It has been a decade since 4G was launched, so many customers will face issues and choices they have not had to grapple with in a long time. Some customers will face these issues for the first time. Some of the same problems early 4G presented are happening with 5G as well. But 5G also presents a new wrinkle.
At launch, 4G could be used only for internet access, as no phones were available. 5G was the same story. We are starting to move beyond that initial phase, as 5G phones now are coming to market.
As with 4G, those devices tend to be high-end devices. For that reason, handset price might be an issue for many would-be buyers and 5G adopters. Also, device selection is limited, at first.
But 5G also poses some issues 4G did not generally face. Most of us could experience a 4G performance boost over 3G that was tangible. It is far less clear that the typical smartphone user is going to notice an improved experience with 5G, for several reasons.
With the exception of downloads or possibly a few virtual reality or augmented reality apps, consumer interactions with web sites or apps will not be perceptibly better, as 4G generally supports all the apps people generally use.
As the user of a gigabit per second connection, in daily use, cannot actually provide perceptible or actual end user experience benefits beyond perhaps 25 Mbps to 50 Mbps per device, so will the additional 5G performance using millimeter wave spectrum be undetectable, even when available.
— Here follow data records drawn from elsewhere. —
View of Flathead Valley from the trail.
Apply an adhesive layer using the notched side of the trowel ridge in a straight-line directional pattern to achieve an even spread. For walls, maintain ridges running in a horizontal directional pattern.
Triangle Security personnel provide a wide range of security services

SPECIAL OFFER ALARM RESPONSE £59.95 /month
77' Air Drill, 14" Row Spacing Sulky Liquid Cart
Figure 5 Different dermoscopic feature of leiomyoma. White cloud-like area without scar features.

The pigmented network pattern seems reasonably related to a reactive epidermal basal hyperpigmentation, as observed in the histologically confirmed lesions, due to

That is especially true where advanced 4G is available, and where users own devices able to use advanced 4G.
It is conceivable that 5G experience will provide experience benefits, though. That might be the case where 4G is challenged by terrain or other issues, and 5G is transmitted using different cell locations that are not limited by terrain or other issues. In such cases, it is more the better coverage and stronger signal that matter, and less the network protocols (4G or 5G).
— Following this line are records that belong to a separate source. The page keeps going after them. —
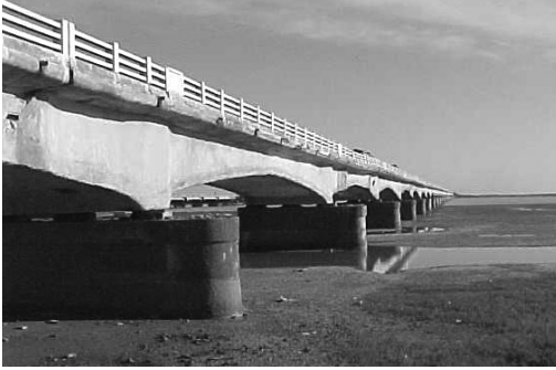
Figure 19-3. Old Surajbadi Highway Bridge.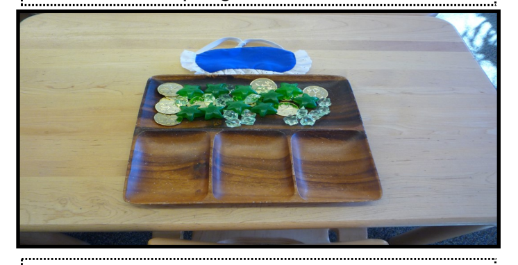
Sensorial; sort objects- color, size, shape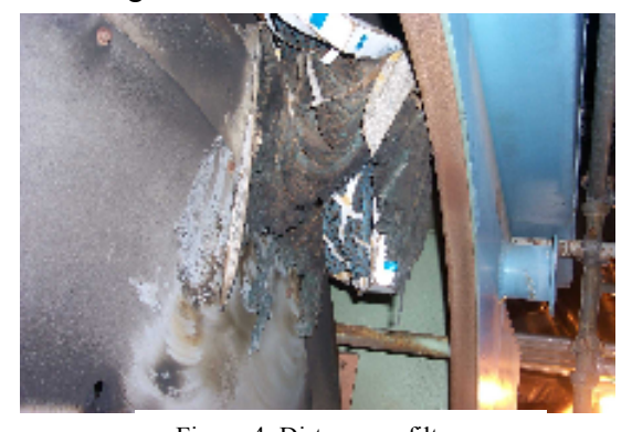
Figure 4: Dirty paper filter was sucked into motor

insulation, which may lead to insulation failures.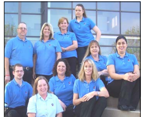
First Telecommunicator Academy

Kyle now receives 9-1-1 calls generated from within their city limits directly; ( see NEW PSAP, p. 4 )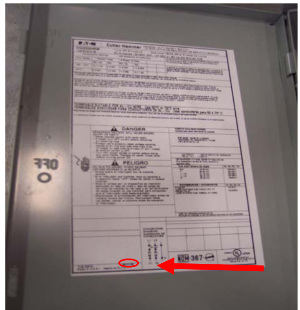
Figure 2: The red circle indicates where the date code is located on the pub inside the cover of the switch

Beyond that, since 5G uses such a huge range of potential frequencies, since different service providers have different amounts of such spectrum to use, and because frequency agility adds cost to any device, early 5G devices will not automatically support all 5G frequencies.
That is not a new problem. In the 4G era, mobile service providers had licenses for different frequencies, so not every mobile device was able to use every frequency, on every network.
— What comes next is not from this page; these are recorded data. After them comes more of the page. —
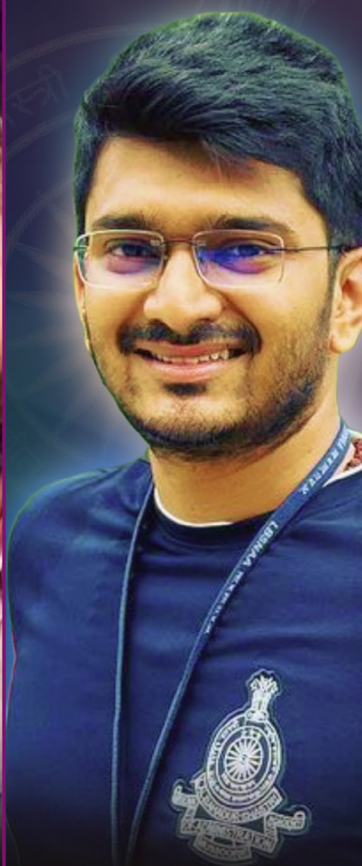
AIR 22 IAS Pavandatta UPSC 2022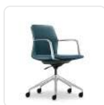
Polished Aluminium Base and Arms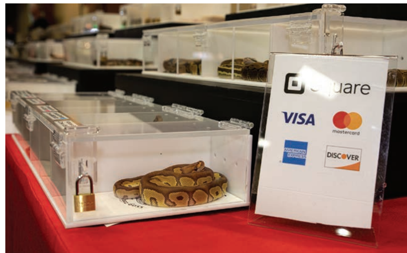
Photo right: At pet expos, Ball pythons are kept in small, tight containers, and handled by many visitors – a welfare nightmare for these animals.

While not a new problem--as every U.S. device has had to be optimized for the particular frequencies used by each major carrier, this will be a bigger problem in the 5G era, early on, since full frequency agility adds device cost, and 5G is the first mobile generation to literally use “any frequency.” That means different carriers will launch on different mixes of low, mid-band and high-frequencies.
The OnePlus device for T-Mobile US 5G only can use low-band, specifically the 600-MHz frequencies T-Mobile has used to initially provide 5G services, and specifically does not support millimeter wave frequencies.
The Samsung Galaxy Note 10+ 5G supports low-band and millimeter wave, though. The Samsung Galaxy S10 5G supports millimeter wave 5G, but not the
On Sprint’s 5G network, the LG V50 ThinQ uses the mid-band spectrum. The Motorola Moto Mod runs on millimeter wave frequencies on Verizon’s network.